Abstract. The “Mitterand doctrine” on the right of asylum and extradition was formulated by the French president in February 1985 and applied, according to a distorted interpretation and false ideological prejudices, towards Italian terrorists active in the so-called “years of lead”, who sought refuge in France.
A case in point is that of Cesare Battisti, sentenced in absentia to life imprisonment, whose extradition France denied in 1991 on the grounds of weak evidence, disavowed by the French Council of State with the historic decision of March 18, 2005.
Today, however, with the arrest on 28 April of Italian terrorists still refugees in France, an arrest decided directly by President Macron, all previous interpretative ambiguities seem definitively overcome.

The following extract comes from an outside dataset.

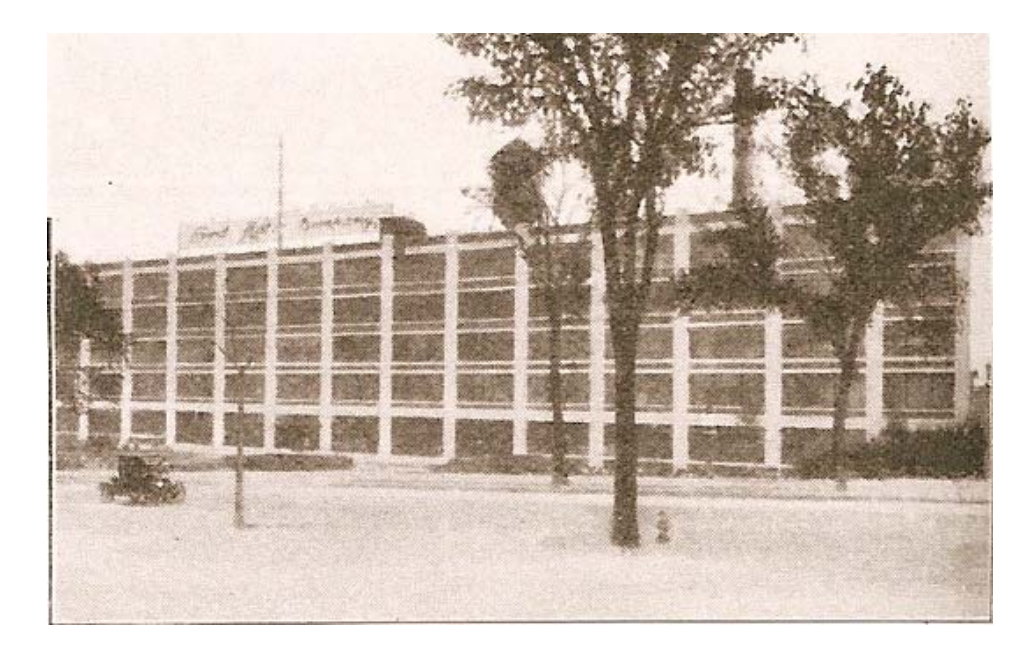
DES MOINES, IOWA

For Italy, once the French extradition procedures are concluded, and given that more than forty years have elapsed since the perpetration of the crimes, the delicate and difficult problem arises of finding a balance between the punitive and preventive function of the penalty and to give priority to the re-educational function.
As the President of the Constitutional Court rightly emphasized: “The right to escape cannot be institutionalized”. Consequently, the sentences must be carried out and it is up to the judges to evaluate during their execution, with intelligence and without prejudices, the re-education process and, therefore, take the relative measures provided for by the law.
SUMMARY: 1. Introduction. – 2. The “Mitterand doctrine”. – 3. The Battisti case and the application of the “Mitterand doctrine” in the eighties/nineties. – 4. A first important turning point. The decisions of the French Council of State of March 18, 2005 and of the European Court of Human Rights of December 12, 2006. – 5. Concluding remarks. The difficult balance between the punitive and preventive function of the penalty and the priority re-educational function.